» Exercise aim
Please reproduce the listing in its entirety, exactly as written, but without images.
>>>>>
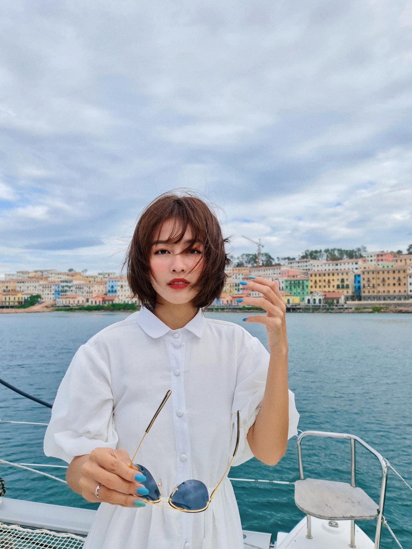 Khả Ngân rất tự hào về vòng eo săn chắc lộ rõ cơ bụng số 11 của mình nên rất chuộng áo crop-top khoe trọn eo thon. Cô luôn chọn những thiết kế có điểm nhấn thú vị như mẫu áo trắng bất đối xứng này.
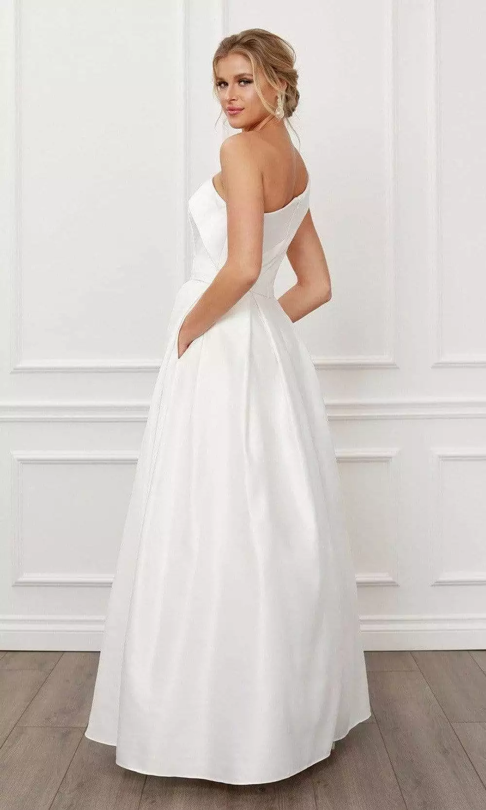 Look absolutely gorgeous in this Nox Anabel E469. One-shoulder satin dress showcases full-length vibrant satin A-line gown and a beautiful sculpturing look. The one-shoulder neckline and tailor seam fitted body hinting at just enough skin for a tasteful touch of sexiness. The back mirrors the same one-shoulder style with a center zipper closure. The A-line skirt billows magnificently down to an impeccable full-length hem finishing off with a subtle train, a final touch of tradition.
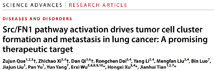 近日,bat365官网市中医临床医学院田建辉教授和中药学院徐宏喜教授团队在国际知名学术期刊Science Advances上发表了题为“Src/FN1 pathway activation drives tumor cell cluster formation and metastasis in lung cancer: A promising therapeutic target”的研究论文。该论文揭示了“伏毒”—肺癌循环肿瘤细胞簇促转移新机制。
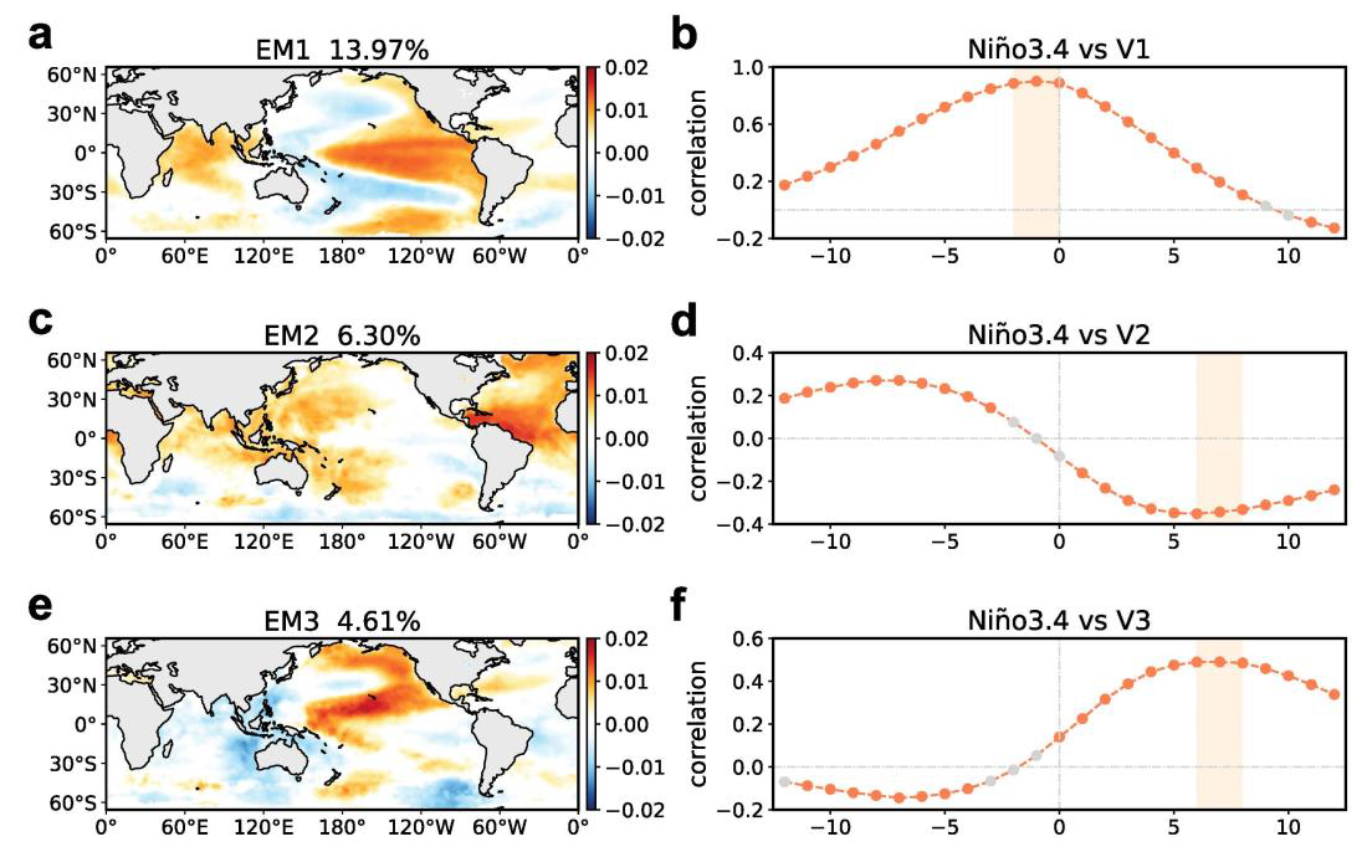 图1: 1950-2022 年期间,前三大本征微观态的空间分布及其对应的时间序列与 Niño3.4 指数的超前滞后相关系数。(a, c, e)中的百分比为本征微观态对应的解释方差。(b, d, f)为超前滞后相关系数,横坐标正值和负值分别表示 Niño3.4 指数滞后或超前于对应的本征微观态。橙色点表示相关系数通过了99%的显著性检验。
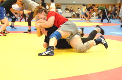 75kg級世界チャンピオンのヴィトコウスカ(下)に、ファイト満々で挑む浜口京子。
<<<<<
» Expected answer
 Khả Ngân rất tự hào về vòng eo săn chắc lộ rõ cơ bụng số 11 của mình nên rất chuộng áo crop-top khoe trọn eo thon. Cô luôn chọn những thiết kế có điểm nhấn thú vị như mẫu áo trắng bất đối xứng này.
 Look absolutely gorgeous in this Nox Anabel E469. One-shoulder satin dress showcases full-length vibrant satin A-line gown and a beautiful sculpturing look. The one-shoulder neckline and tailor seam fitted body hinting at just enough skin for a tasteful touch of sexiness. The back mirrors the same one-shoulder style with a center zipper closure. The A-line skirt billows magnificently down to an impeccable full-length hem finishing off with a subtle train, a final touch of tradition.
 近日,bat365官网市中医临床医学院田建辉教授和中药学院徐宏喜教授团队在国际知名学术期刊Science Advances上发表了题为“Src/FN1 pathway activation drives tumor cell cluster formation and metastasis in lung cancer: A promising therapeutic target”的研究论文。该论文揭示了“伏毒”—肺癌循环肿瘤细胞簇促转移新机制。
 图1: 1950-2022 年期间,前三大本征微观态的空间分布及其对应的时间序列与 Niño3.4 指数的超前滞后相关系数。(a, c, e)中的百分比为本征微观态对应的解释方差。(b, d, f)为超前滞后相关系数,横坐标正值和负值分别表示 Niño3.4 指数滞后或超前于对应的本征微观态。橙色点表示相关系数通过了99%的显著性检验。
 75kg級世界チャンピオンのヴィトコウスカ(下)に、ファイト満々で挑む浜口京子。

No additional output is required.